Cancer stem cell research unlocks clues to treatment resistance
Posted on: 17 January 2017
Researchers at Trinity College Dublin have made exciting new findings that could offer a means of fighting resistance to treatment for people with oesophageal cancer. Resistance to radiotherapy is a major stumbling block in the treatment of this cancer.
For the first time, the research team led by Dr Stephen Maher, Ussher Assistant Professor in Translational Oncology at Trinity, have discovered that a molecule lost from cancer stem cells, called miR-17, is important in driving oesophageal tumour resistance to radiotherapy.
The team of scientists, which incorporated specialists from Trinity, St. James’s Hospital Dublin, the Coombe Women and Infant’s University Hospital and the University of Hull in the UK, demonstrated that populations of tumour cells that had higher numbers of cancer stem cells formed larger, more aggressive tumours. They also demonstrated that the cancer stem cells were more resistant to radiation-induced cell death.
The findings from this ground breaking research were recently published in the international peer-reviewed journal Oncotarget.
Many oesophageal cancer patients receive radiotherapy and chemotherapy to shrink their tumour prior to surgery and this forms a key part of their treatment. Unfortunately, while a subset of patients have excellent responses to treatment, the majority of patients are actually resistant to various degrees, and are subjected to treatment side effects and an unnecessary delay to surgery, which can worsen their overall prognosis. To date there hasn’t been a way to test which patients will respond well to radiotherapy or to reduce resistance to radiotherapy.
Cancer stem cells are a tiny population of tumour cells that exist inside most tumours, and acquire some of the features of normal stem cells. Normal stem cells are unspecialised cells that can be characterised by the ability to change into mature, specialised cells, like the normal cells that make up the normal oesophagus. When normal tissues are damaged, through injury for example, stem cells in the local environment, help to repopulate and rebuild the normal tissue. However, in a tumour, cancer stem-like cells, the tumour cells that have acquired stem cell-like abilities, are able to drive and maintain the growth of tumours and repopulate the tumours following the damage caused by radiotherapy and chemotherapy.
“This work is extremely important in understanding why tumours are inherently resistant to radiotherapy, and how they can acquire resistance. Our findings strongly suggest that it is the cancer stem cell population that we need to destroy if treatment is going to be effective in our oesophageal cancer patients”, said Dr Maher.
“Up until recently cancer stem cells were largely considered hypothetical, as there were no clear ways to identify and isolate them. In this study we spent a tremendous effort in identifying tumour cells that had biological markers normally characteristic of stem cells. Once we had identified these stem-like tumour cells, we isolated them and started to pick apart their biology”, continued Dr Maher.
The work, predominantly performed by Dr Niamh Lynam-Lennon, an Irish Research Council-funded Senior Research Fellow with Trinity’s Department of Surgery, showed that the population of cancer stem cells could be further broken down into smaller groups, which had distinct radiation sensitivity profiles. Further genetic analysis revealed that the levels of a powerful gene-regulating molecule, called miR-17, were particularly low in the cancer stem cells that were most resistant to radiation. In patient samples, miR-17 was found to be much lower in the tumours of patients who did not respond to treatment.
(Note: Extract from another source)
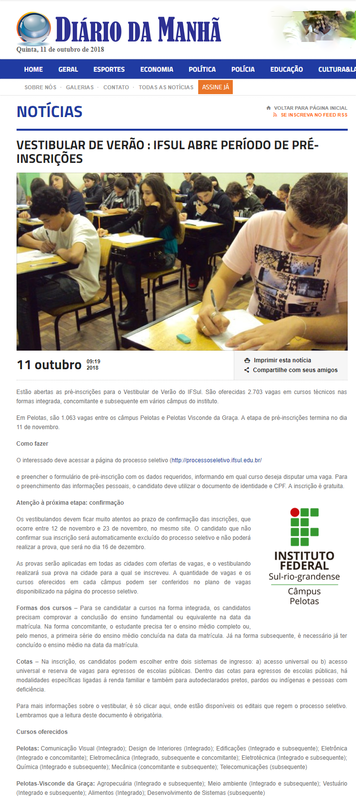 Diário da Manhã - Vestibular de Verão: IFSul abre período de pré-inscrições

“Interestingly, in the lab we found that if we put a synthetic version of miR-17 into the resistant cells they became more sensitive to radiation. Going forward, we could use synthetic miR-17 as an addition to radiotherapy to enhance its effectiveness in patients – this is a real possibility as a number of other synthetic miR-molecules are currently in clinical trials for treating other diseases”, said Dr Lynam-Lennon.
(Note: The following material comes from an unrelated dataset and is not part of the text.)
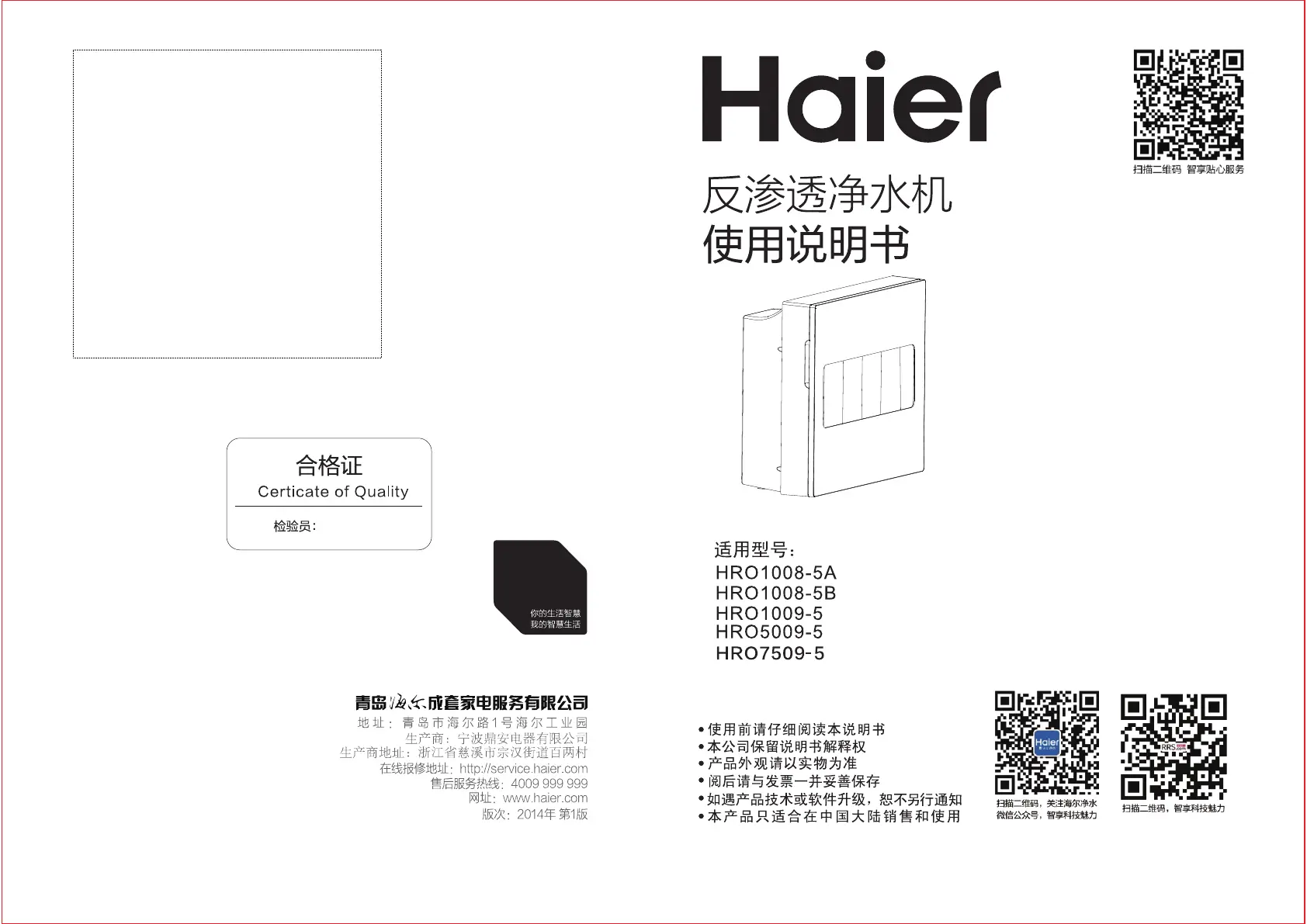 Läs gratis den bruksanvisning för Haier HRO1009-5 (10 sidor) i kategorin Vattenfilter. Guiden har ansetts hjälpsam av 21 personer och har ett genomsnittsbetyg på 4.3 stjärnor baserat på 9 recensioner. Har du en fråga om Haier HRO1009-5 eller vill du ställa frågor till andra användare av produkten? Ställ en fråga

Oesophageal adenocarcinoma, a cancer of the food-pipe, is a major problem in Ireland, the UK and the rest of the western world. Its incidence has increased by 600% over the past three decades, representing the largest increase in incidence of any disease of any kind over the same time period, and rates are projected to continue increasing over the next 20 years.
The work was largely funded by the Health Research Board (HRB) and involved research on cells grown in the lab, in vivo research and tumour samples from oesophageal cancer patients.